Community associations present a unique set of challenges to insurance brokers. Education is a key component to understanding these challenges and it is the insurance broker’s job to educate and explain the types of risks the associations face and how it can best protect itself from loss.
What is the best way for a broker to convey these risks to their client, the community association? One of the best ways is to provide real life examples of a wide variety of claims community associations have encountered and the amount each claim costs.
The lack of funds at many associations is raising the number of breach of contract claims and has put the associations in a position where they cannot afford to provide the same services they offered in the past. Meanwhile, directors and officers liability claims across the board have increased in the past few years.
Currently, the top five claims community associations face include: breach of fiduciary duty; breach of contract; non-employment discrimination; employment practices liability; and wrongful foreclosure.
The financial crisis has caused an increase in the number of claims for many community associations, as well.
The following includes some examples of directors and officers liability insurance claims your community association property managers and board members might want to know about.
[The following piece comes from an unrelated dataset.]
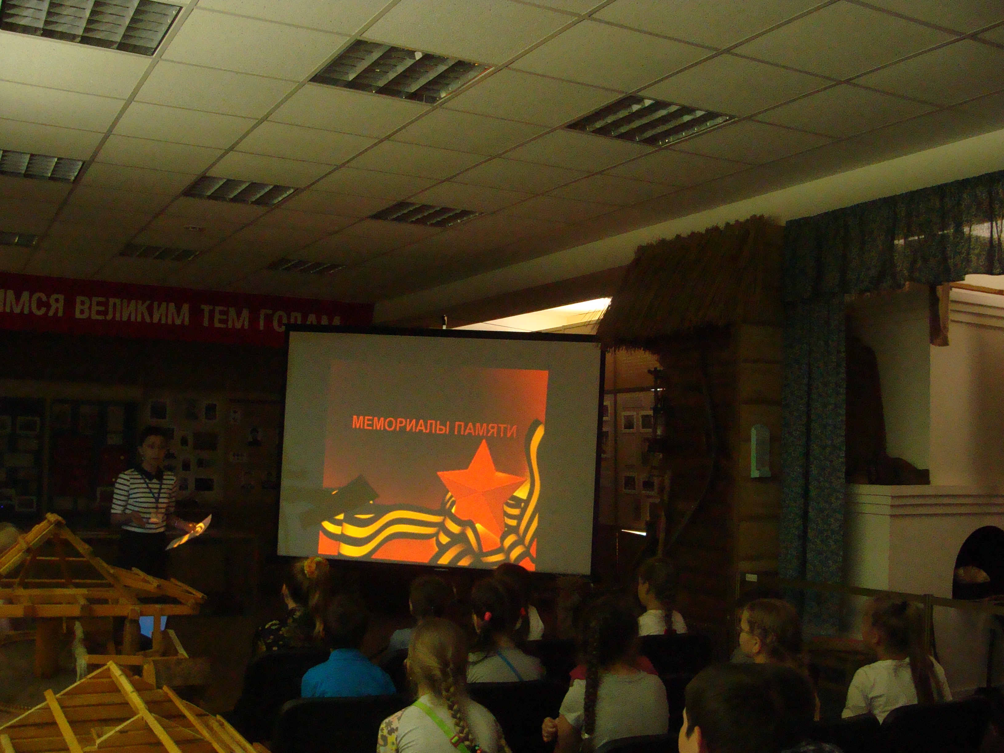 Для учеников младших классов был проведён музейный урок «Виртуальная экскурсия по городу»,в ходе которой дети познакомились с достопримечательностями Альметьевска. Особое внимание было уделено памятникам, посвящённым Великой Отечественной войне 1941 – 1945 годов. Ученики средних классовпознакомились с Мемориалами памяти, расположенными на территории нашего района. Узнали о Героях войны - наших земляках. Почтили минутой молчания память воинов, павших в годы Великой Отечественной войны.

- Breach of Fiduciary Duty: $280,000 Defense Costs. A condo association was sued by a unit owner over parking spaces. The owner filed a lawsuit against the board of directors at his condo association alleging they breached their fiduciary duty in that they violated the condominium act and local parking regulations by creating illegal parking spaces. Specifically, the plaintiff alleged that the defendants knowingly and willfully violated the condominium act by allowing parking spaces to be auctioned off resulting in non-unit owners occupying portions of the common parking garage to the exclusion of all other unit owners. The condo owner sued the board of directors in an effort to force the association to rescind the sale of the spaces, pay for punitive damages and attorney’s fees.
- Election Dispute: $660,000 in Defense Costs. Following an initial board of director’s election, a dispute arose concerning the validity of that election. The association held another election to attempt to fix the dispute and that only caused more problems as the originally elected board members refused to relinquish their posts to the newly elected board members. The association had to sue the board members in an effort to determine which set of board members should be able to keep their posts.
- Wrongful Termination: $550,000 Settlement; $170,000 in Defense Costs. A 74-year-old condo association employee filed a wrongful termination claim against an association, claiming he was wrongfully terminated as a result of his reporting dangerous working conditions to OSHA. The employee also claimed he wasn’t properly paid minimum wage and overtime wages.
- Discrimination: $100,000 Settlement; $140,000 in Defense Costs. A complaint was filed by a prospective buyer against a condo association with the Department of Housing and Urban Development (HUD) alleging that the prospective buyers’ application to purchase a unit within the association was denied for discriminatory reasons. Specifically, the buyer alleged the association president discriminated against him by denying his application based on his age, national origin, and familial status. The HUD commission issued a finding of probable cause. During that time, the board allowed the prospective buyer to purchase the exact unit they had initially sought. Despite this, the buyer filed a lawsuit against the association alleging discrimination and included damages representing the difference of the unit purchase price during the time of the disputed application approval process, attorney fees, compensatory and punitive damages.
Another extremely important point: community association board members and property managers need to be aware of what is excluded in their current directors and officers liability policy. Many policies currently available exclude breach of contract, discrimination, employment issues and architectural issues, so as the old saying goes “buyer beware!”